Menurut “Global Firepower” yang dirilis bulan Maret tahun ini, Filipina memiliki 45 tank ringan, 778 kendaraan lapis baja dari beberapa jenis termasuk yang “canggih” M113 (APC/Armor fully track personnel carriers), V150 kendaraan lapis baja yang berupa alutsista militer yang digunakan sekitar tahun 1960an.

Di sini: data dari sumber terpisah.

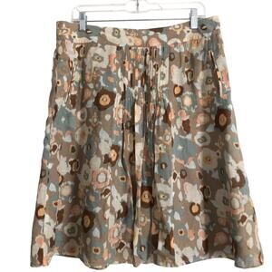 Banana Republic Abstract Floral Brown Multicolor Knee Length Pleated Skirt
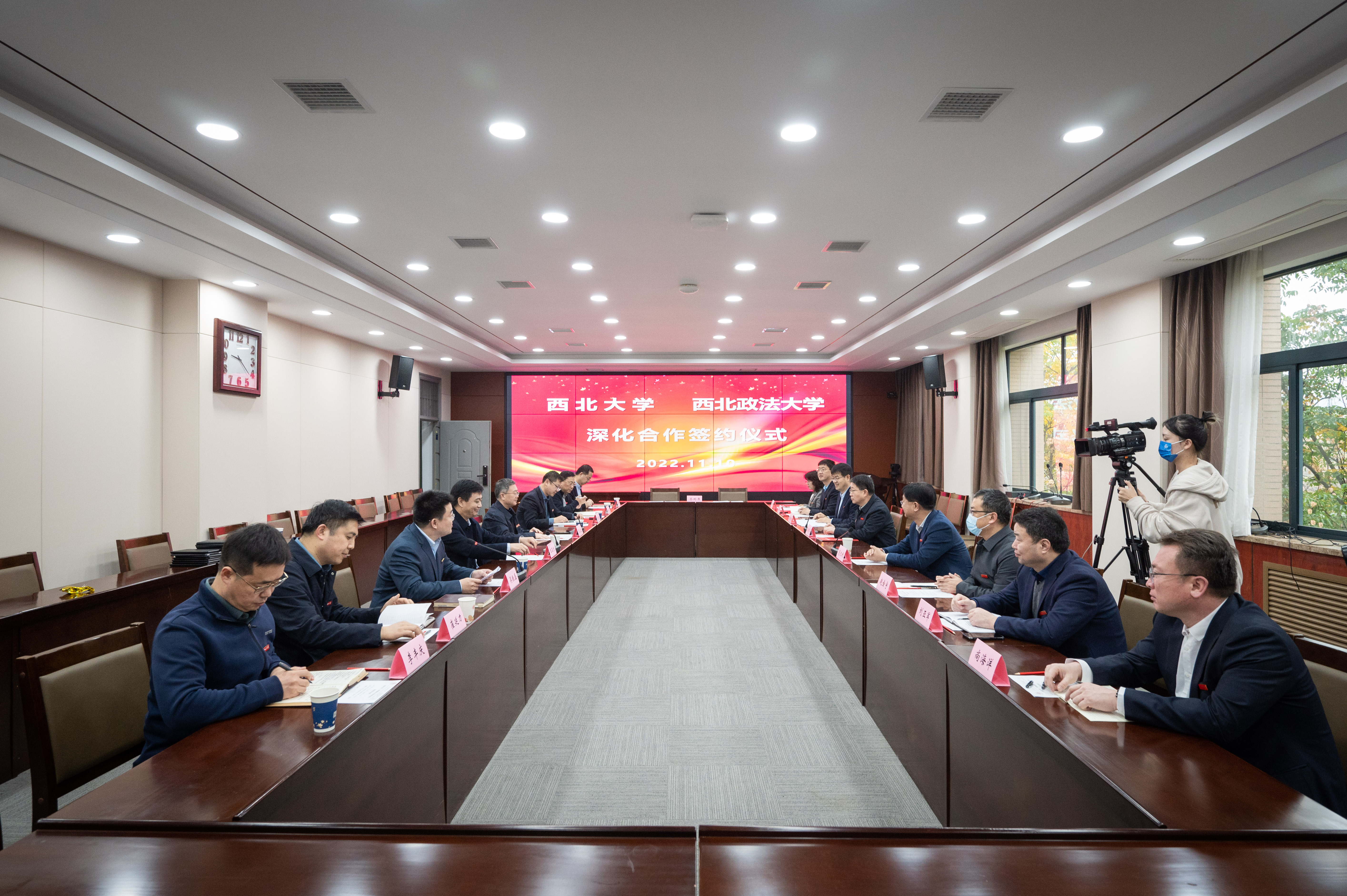 11月10日上午,乐鱼网页版页面登录与西北政法大学签署深化合作协议。校党委书记王亚杰,校长郭立宏,西北政法大学党委书记孙国华,校长范九利,校党委委员、副校长张荣刚,校党委委员、党政办主任赵全宇出席签约仪式,双方相关单位负责人参加活动。签约仪式由乐鱼网页版页面登录党委常委、副校长吴振磊主持。

Artileri tarik juga terutama terdiri dari bekas peralatan P.D. II. Angkatan udara hanya memiliki 8 pesawat fixed wing, 22 pesawat latih dan 91 helikopter. Militer Filipina saat ini tidak memiliki apapun jet tempur dan pesawat bertenaga jet.

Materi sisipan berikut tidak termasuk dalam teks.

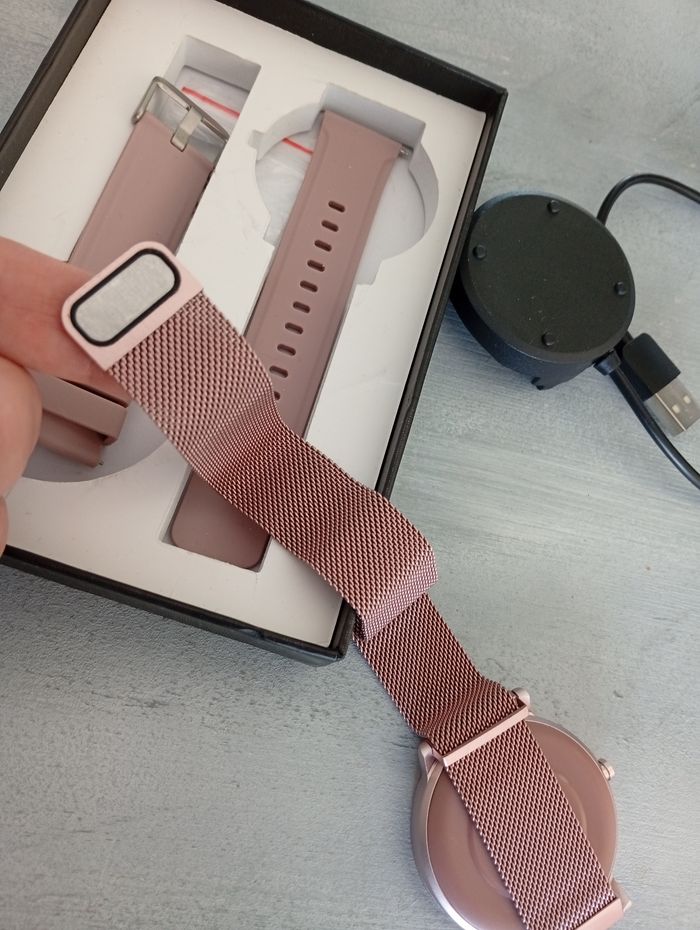 Cette montre connectée à 2 bracelets une aimanté l' autre en caoutchouc.

Kapal perang utama Filipina, BRP Rajah Humahon diluncurkan di AS pada tahun 1943 dan kemudian dipindahkan ke Angkatan Laut Bela Diri Jepang setelah P.D. II, sebelum pensiun pada tahun 1975. Tiga tahun kemudian dipindahkan ke Filipina . Kini kapal yang “paling kuat” dimiliki AL Filipina Hamilton-class cutter yang berasal dari kapal Coast Guard yang seharusnya sudah pensiun hampir 50 tahun lalu.

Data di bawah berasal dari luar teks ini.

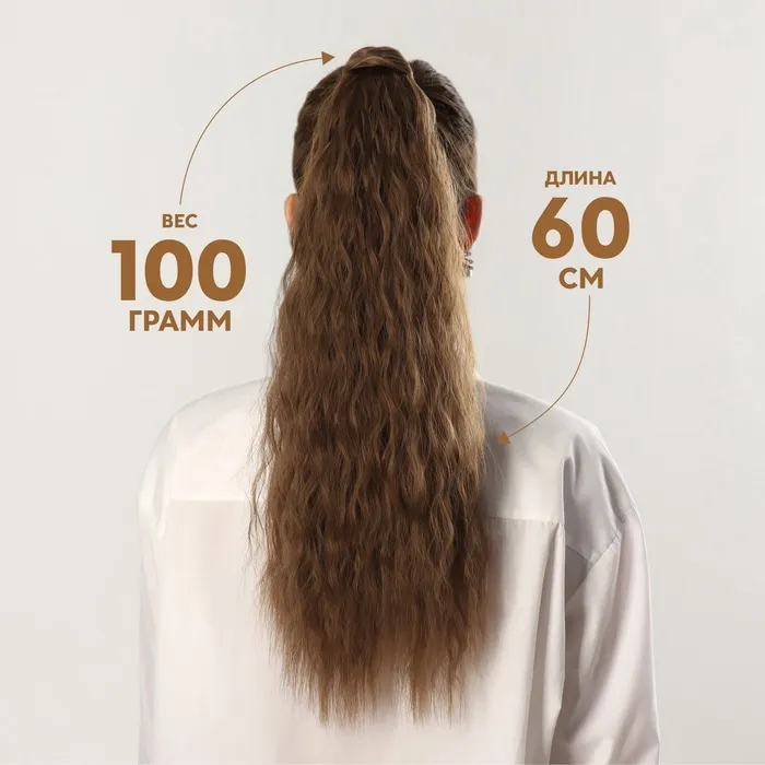Хвост накладной, волнистый волос, на резинке, 60 см, 100 гр, цвет русый(#SHT8A) — Характеристики

Alasan spesifik mengapa industri Filipina begitu lemah, ini disebabkan hasil dari begitu panjangnya AS mengatur disana. Sehingga AS tidak pernah mendorong Filipina untuk memiliki peralatan militer canggih. Filipina saat ini masih menjadi satu-satunya negara sekitar Laut Tiongkok Selatan yang tidak memiliki rudal. AL,AU dan AD Filipina juga tidak memiliki rudal.
Menhan Filipina Delfin Lorenzana mengungkapkan pada 7 Oktober lalu, angaran pertahanan Filipina untuk tahun 2016 hanya 2,835 milyar USD. Setiap tahun AS memberi 50 hingga 100 juta USD, dan yang 30 juta USD dipakai untuk latihan militer bersama,
Suatu ketika dalam pidatonya Duterte mengatakan : “Kita tidak akan bersama lagi pada setiap ekspedisi berpatroli di laut. Saya tidak akan membiarkan hal itu, karena saya tidak ingin negara saya untuk terlibat dalam tindakan yang menimbulkan permusuhan.”
Secara keseluruhan kebijakan luar negeri Filipina membutuhkan banyak hal, tetapi isu-isu Laut Tiongkok Selatan jelas tidak menjadi prioritas utama.
Duterte berulang kali mengatakan ingin mengakhiri latihan militer bersama AS-Filipina, tetapi pada saat yang sama ia telah menekankan bahwa ia tidak akan membatalkan atau mencabut perjanjian aliansi militer AS-Filipina. Karena jika perjanjian aliansi ini berubah, sesuatu yang besar akan terjadi di antara mereka.